Jupiter Wellness Inc (NASDAQ: JUPW) announced the pricing of an underwritten public offering of 11 million shares of common stock, as the par value of $0.001 per share to be allocated by the firm. More than 5.4 lakhs shares to be administered by specific selling stockholders of the firm and warranty to purchase up to 11 million shares of common stock, at a rate to the public of $2.79 per firm offering share/selling stockholder share and $0.01 per company warrant.
Covering Over Allotments
Moreover, the company warrant will be exercisable upon issuance with the recreation price of $2.79 per share and will terminate on the fifth anniversary of the original issuance date. Therefore, before reducing underwriting discounts and commissions and calculated offering expenses, the entire proceeds from the offering are expected to be $32.5 million.

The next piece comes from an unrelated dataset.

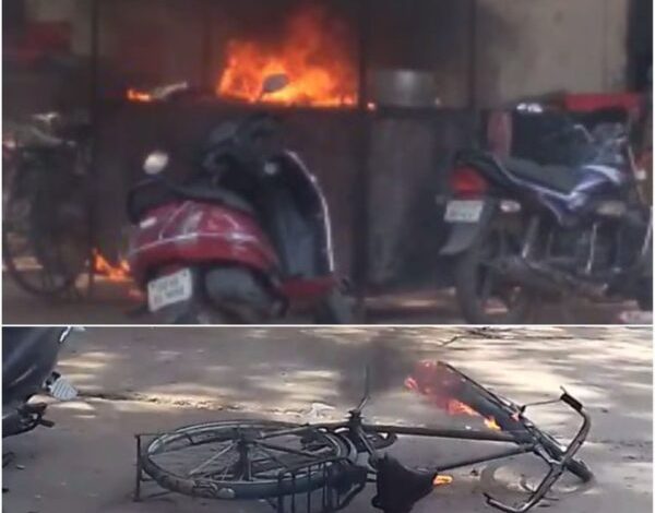 बिलासपुर। CG BREAKING : जिले के पुराना बस स्टैंड के शराब दुकान के पास बड़ा हादसा टल गया है। गुरुवार को बस स्टैंड के पास चखना सेंटर में अचानक गैस सिलेंडर फटने से हड़कंप मच गया। राहत की बात यह है कि आगजनी की घटना में कोई हताहत नहीं हुई, पर कई वाहनों में आग लग गई। लोगों की सजगता से आग पर काबू पा लिया गया है। जिले में शराब दुकान के सामने बेखौफ चखना सेंटर संचालित किया जा रहा है, जहां घरेलू गैस सिलेंडर का बड़ी संख्या में उपयोग किया जा रहा है। गौरतलब है बस स्टैंड के पास नाला निर्माण होने से डायवर्ट रूट के कारण शराब दुकान के सामने से ही वाहनों एवं लोगों का आना जाना हो रहा है। गनीमत है कि हादसे पर काबू पा लिया गया नहीं तो बड़ी जनहानि की संभावना थी।

Furthermore, the stockholders consented to the underwriters a 45-day choice to purchase the common shares, as it sold 15% shares in the base offering and company warrant. It sold these shares to fill the over-allotments, and raise the gross proceeds of 37.4 million if the over-allotments were filled.
Aegis Capital Corp was the sole book-runner of these offerings of warrants and common stock.
Looking Back into Business
China’s technology stocks are going downhill recently after concerns about the government cracking down on large technology companies. Alibaba Group Holding Ltd – ADR (NYSE: BABA) is also not indifferent to these regulations. Its 33% stake in Ant Group Co will also come under the government’s sight after regulators’ crackdown. As a result, it will halt the public offering of Ant, which was anticipated to be significant in history.
Ramond James analyst Aaron Kessler said most of the regulations would not affect Alibaba, but investors seem to be keen on the increasing regulatory focus. Despite the issue, Alibaba is managing to keep up its profits. It was seen on their June quarter earnings report. Alibaba is focusing on China’s lower-tier cities where it’s investing big money to grow the business.